Abrir un debate sobre un tema como la eutanasia, implica llenarse de voces y opiniones, de discursos cruzados que suplen temporalmente a tradicionales conversaciones de menos enjundia. Pueden ser la alternancia a una charla deportiva, del necio mundo del corazón o del último estreno en las salas de cine. Pero son siempre eso, temas para acallar el silencio entre cafés, para tratar de batir las argumentaciones contrarias de forma más o menos implicada.
Casos como el de Ramón Sampedro hacen palidecer a toda esa variedad de discursos. Su punto de vista, como parte verdadera del problema, a él le impedía cesar de planteárselo. Poco le resolvía lo estéril de esa dialéctica, lo que para el resto era sólo una opinión, para él era su vida.
Emprisionado en la tetraplejia, con la determinación de poner fin a los días de una vida que ya no era la suya, sino el legado burlesco de quien había recorrido el mundo para llenar sus pulmones de libertad, su forma de ver la muerte tenía necesariamente que estar más cargada de ideas y respuestas, pertrechadas a lo largo de cada uno de los minutos que había pasado encerrado en su cuerpo, obligado a quedar sólo esperando aquello que se le negaba.

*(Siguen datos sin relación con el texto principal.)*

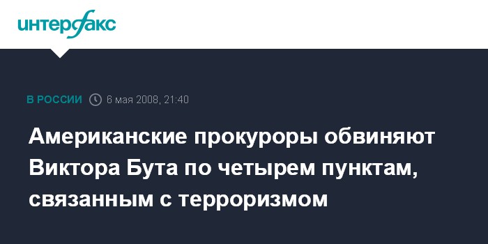 Американские прокуроры обвиняют Виктора Бута по четырем пунктам, связанным с терроризмом

Uno de los grandes méritos de Alejandro Amenábar es ese. Recoge de Sampedro su visión libre, que huye de querer representar a nadie de la misma forma que no quiere que nadie le represente a él, y lo muestra hablando de su propia realidad, que pretende se imponga sólo allá dónde llega –o debería llegar– su voluntad. La coherencia de sus palabras, el fiel reflejo de una mente tan ágil que hace comprender lo terrible e injusto de su enclaustramiento, se muestran con la emoción de unos ojos cansados y curtidos que se clavan en el rostro de un desaparecido Javier Bardem. Desaparecido porque donde el actor yace, resurge la fuerza del gallego, toma su voz para recuperar los ecos de su causa, y la devuelve al lugar en el que quiso ponerla, no por él, si no por los que como él estaban: si pocos habían entendido y respetado su deseo de acabar con todo, gracias a la comprensión de ese estado él se sentía obligado a avanzar por los suyos y aportar su muerte al resto.